Coin Change Problem — Printing the Combination

Halit Dönmez
2 min readJan 20, 2021

In this article I want to talk about the classic coin change problem and how I solved a variant of it.

Here is the problem; you have pennies(1 cent), nickels(5 cents), dimes(10 cents), and quarters(25 cents) as coins. You need to first find the least amount of coins used to make that amount and then return those coins as a map.

For example, say your input is 56 cents. Then you should return a map with the following contents:

  • Nickels -> 1
  • Pennies -> 1
  • Dimes -> 0
  • Quarters -> 2

This means that you need a nickel, a penny and two quarters at minimum to make 56 cents.

When I read the problem first I immediately knew the solution was dynamic programming (or recursion if you are living the life) and it was a variant of coin change problem.

I will leave it to you to read about the solution. I want to talk about the second part which is returning a map with the coins used.
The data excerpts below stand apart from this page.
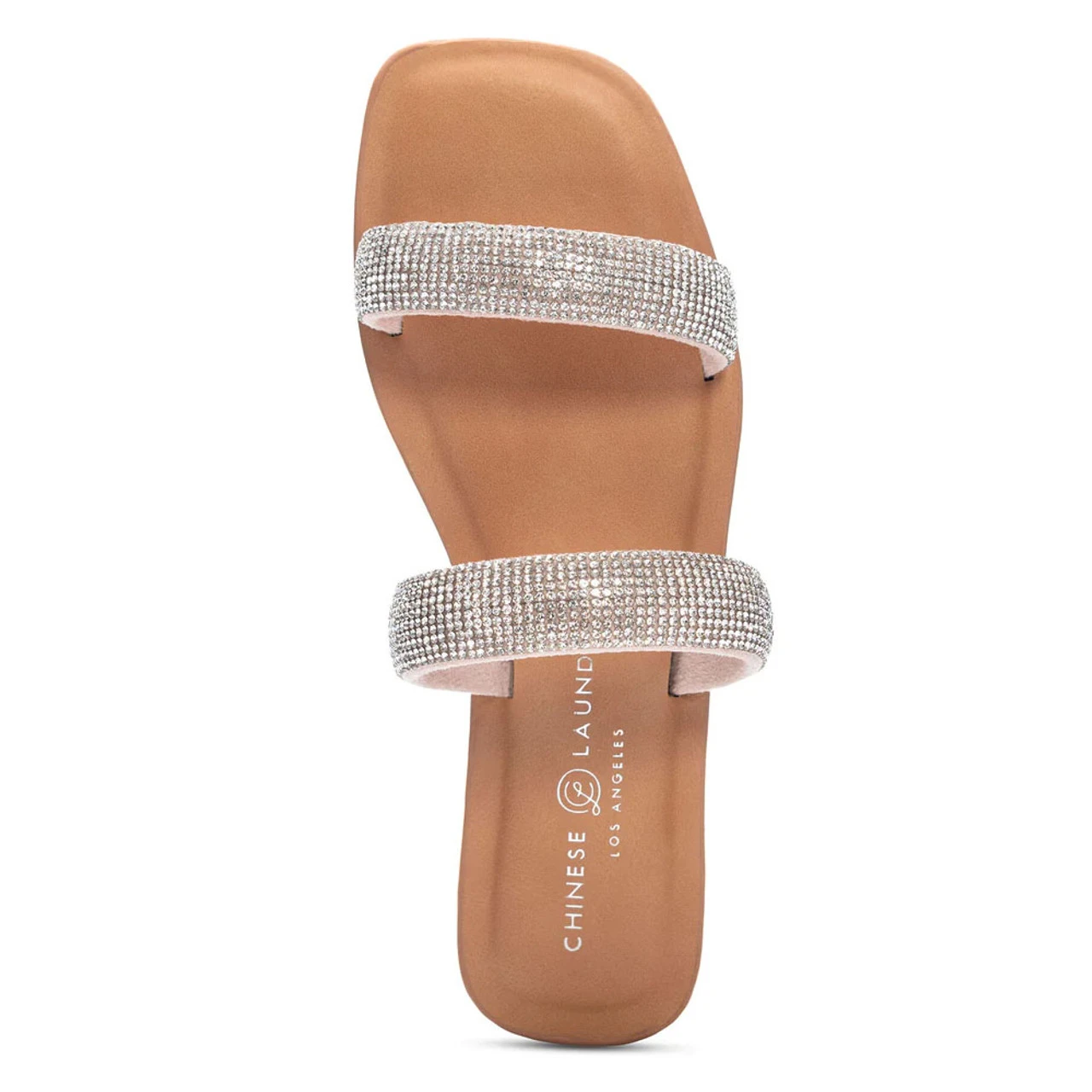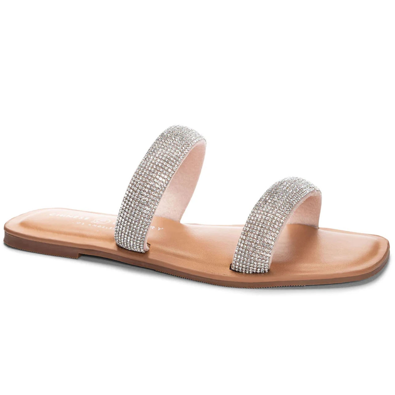 An easy sandal to slip on for the beach or for girls night out, it features puffed straps with rhinestones that give it a little shine.
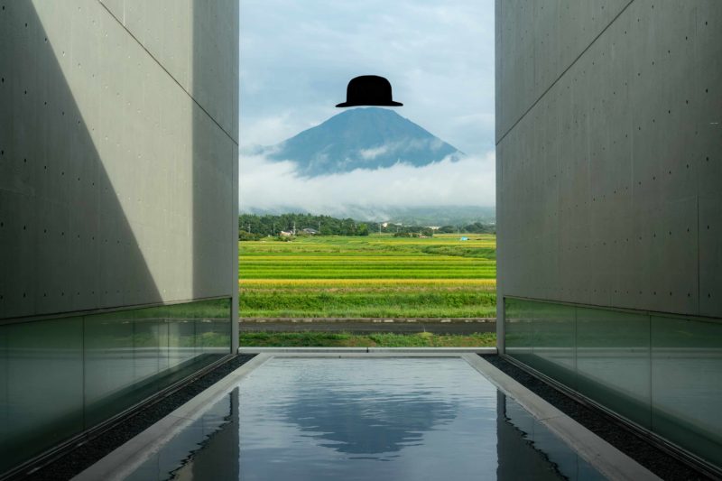 昨日の日記にも書きましたが、この近未来的なコンクリートの巨大な建物がなぜ田園風景の真ん中に建てられたのか、理由はこの ”大山” を正面に見られることを条件にしたと言われています。だから「向こうのほうに大山が見えますよ~」ではなく大山に向かって建築の角度まで緻密に計算された立地! このポイントであれば建物は完全なるシンメトリーで、水面への反射さえ計算され帽子のオブジェ付き!
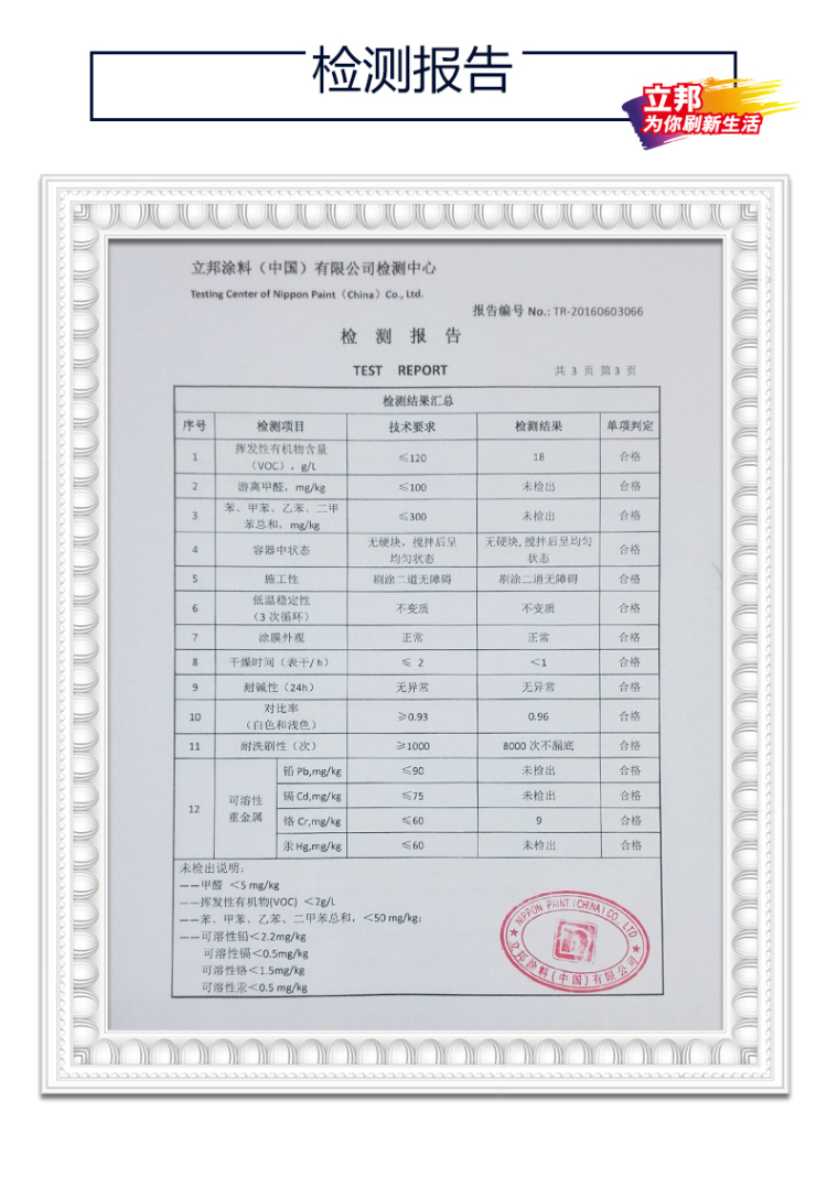 涂刷面积(㎡):108-117平米(2遍)因实际墙面不同实际耗漆量也不同

Here is how I am doing it:

  • Each time I am updating the array with a coin, I place the coin to a separate array
  • The array has the mapping: id -> coin
  • Then starting from the input’s coin value you traverse back and put the coins to the map.

Say that you have the input as 29. Then you will have:

  • coinsUsed[29] = 25
  • coinsUsed[29 – 25 = 4] = 1
  • coinsUsed[4 — 3 = 2] = 1
  • ….

All you have to do is to follow the thread until you reach 0. Create a set in the meanwhile and add the found coins to the array.